Marketing Minds in Lockdown #4 Joe Glover @ Marketing Meet Up

When Lockdown hit The Marketing Meet Up was a national networking community, with 16,000 member and 140 events a year. Founder Joe Glover is a shining example of how a business successfully, and seemingly overnight, changed how it operated. Here he talks to me about the affect of the pandemic on his business and how he has successfully moved his entire business model online. 

Joe Glover - Marketing Meet Up
Joe Glover – Founder, The Marketing Meet Up

1. Where are you spending Lockdown and how do you manage your day?

I am at home, just outside Ely, Cambridgeshire with my wife and my dog. I feel very lucky to have some garden space which has been unreal, plus we live very close to the countryside which is a godsend. In terms of managing my day, I have been working from home for the past year so there hasn’t been much of a change in terms of how I manage my day. I’m up by 7o’clock to walk the dog and start working between 9-10.  I’m working most days – which is great as a love my job. And even in those downtimes I am usually “working” which I do willingly.

2. What are the biggest adjustments you’ve had to make in terms of your work, managing your teams/ clients?

The Marketing Meet Up is an events business at its core and we have had to move everything we did in person and try to replicate it online. It’s especially tricky when you’re looking to enable those moments of serendipity at an event when you say hello to someone new or see someone you haven’t met up with in years. That’s hard to replicate online.  The way we have approached it is to split our events into two. We have webinar events which are more educational and then we have the “Conversation Club” which is far more reminiscent to what you’d expect in traditional networking. We gather people together via Zoom and split them into virtual breakout rooms where they chat and get to know each other. So that’s been a ginormous change in terms of our offering and doing things differently. But it’s been quite successful. 

3. Do you expect that your company will return to BAU post lock down or do you think there will be some changes? If so what?

One example that we are going to change is we will probably look to maintain a stronger digital presence as well as resume the physical meet ups. It maybe that people may not be comfortable in gathering where there are a lot of people, so we’d like to offer them 2 ways in which to be part of the MMU community. We’ll probably start with smaller events rather than return to the grand scale we did before. 

I’d like to maintain the speed and innovation that we have been able to do things but the main things that has stayed the same is our core values of looking after each other, being stronger together and making each other better. That hasn’t changed. 

4. Have you been impressed or put off by any particular brands in how they have responded to the crisis?

I wouldn’t like to bad mouth any brands in particular. I think that anyone that has been sending a message with “A message from our CEO” at this stage has slightly missed the right moment. I feel there has been a ground swell of independent or smaller businesses who have taken the time to support the NHS or to be more community focused which has been great. Anyone who has taken the time to help other people is good in my books.

5. What has been the hardest part and the best parts about lockdown?

The hardest part is probably the mental gymnastics to move my business from one place to another in a very short amount of time. Layered with the fact I am an over thinker I have a tendency to stay in my head. 

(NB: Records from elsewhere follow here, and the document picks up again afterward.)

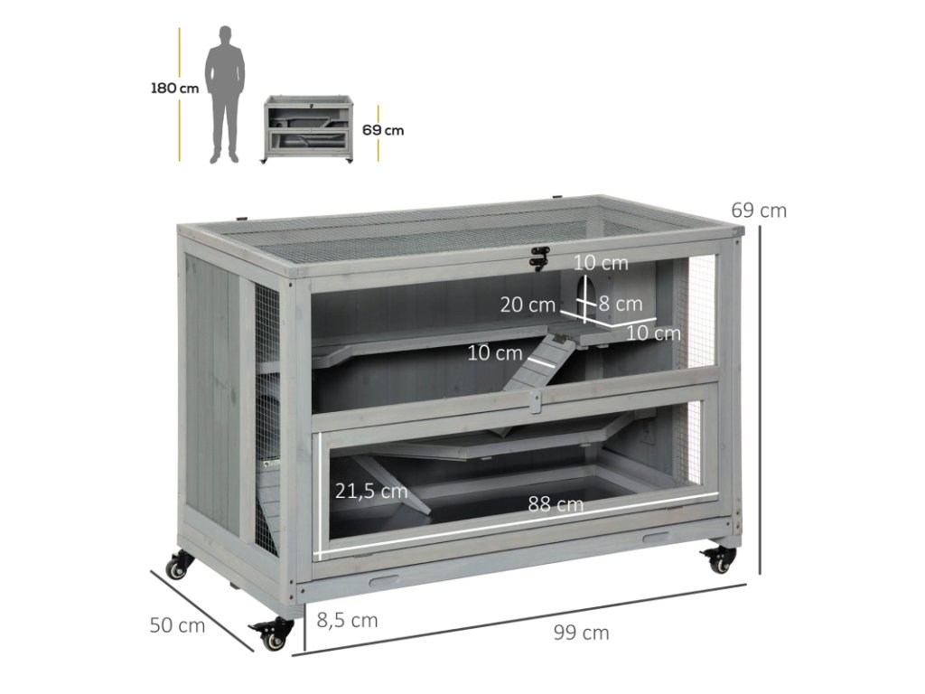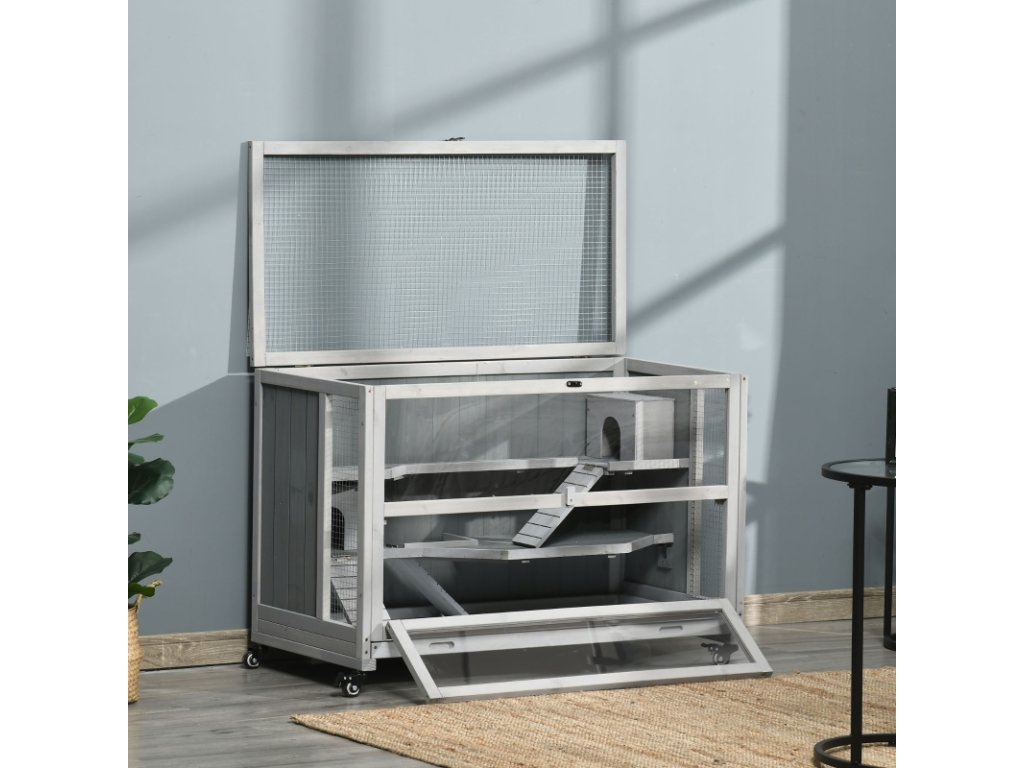 Dřevěná klec pro hlodavce 99 x 50 x 69 cm | tmavě šedá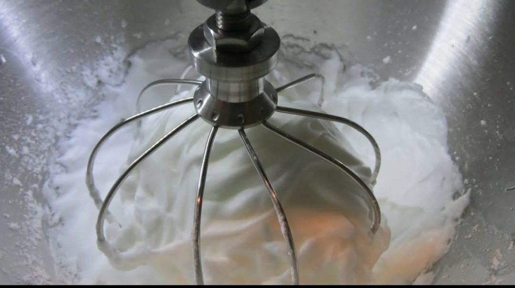 Mientras tanto, monto en la batidora las claras con el azúcar glas y una pizca de sal. Para asegurar mi merengue, llevo a ebullición 50 g de agua en la que he disuelto 170 g de azúcar, cuando la temperatura ha alcanzado los 120°, siempre mezclando y en hilo, la he añadido (aún caliente) a las claras montadas a punto de nieve.
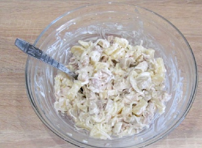 - We maken de salade in laagjes. Neem hiervoor een kom van de vorm die we een salade willen hebben, bedek deze met huishoudfolie. De eerste laag is champignons, dan uien. Spreid de laag strak uit en druk met een lepel tegen de randen. Smeer met een kleine gelijkmatige laag mayonaise. Vervolgens - kaas, mayonaise, ananas, kipblokjes en grondig bedekken met mayonaise. En bedek met aardappelen, die we licht zout, peper en bedekken met mayonaise. We stampen elke laag met rustige bewegingen aan met een lepel.

The best part is I have had to travel less. I love being at the live events, but I don’t like the travel or being away from my wife and my dog, so it’s been great to spend more time with them. I’ve started to learn the piano and do some DIY! I wouldn’t have time to do this if I was in busy mode. The other hardest part is exercise. I go to a brilliant boot camp and I miss it dearly! We’ve been doing them online but it’s not the same. 

6. How do you find inspiration and manage to keep working in this environment?

I think there is a lot of necessity. I must keep working. The business would die if I didn’t keep working as I am the founder of the businesses. But I love what I do. I love helping people and feeling like I am making a difference. I am driven by a bigger life purpose of a leaving a legacy of kindness and I believe that the Marketing Meet Up is helping people to think of others, and for that reason, I feel like we are doing a good job. Motivation has never been a big problem. 

7. There has been talk of massive changes to how we live our lives and how we work due to the lessons learnt from the Coronavirus – do you think this is true? 

In a webinar we held with Mark Ritson he suggested we will all return to a similar version of life that we had before, and largely I agree with him. I think we are great as human beings of adapting to the situations we find ourselves in and if we can return to “normal” I think we will do.

8. What one thing do you hope will continue post lock down?

Playing the piano, spending time with my wife and my dog. Appreciating the small things, less commercialism and being better for the environment. 

9. Have you learnt anything about yourself during lock down that you didn’t know before?

I’ve allowed myself a moment of feeling proud of what we have achieved with the Marketing Meet Up – which I don’t often do. People have said that the MMU has helped to inspire and educate them as well as meet new people and that’s wonderful. So I have learnt that I need to allow myself a few more moment of pride, because what we are doing is good.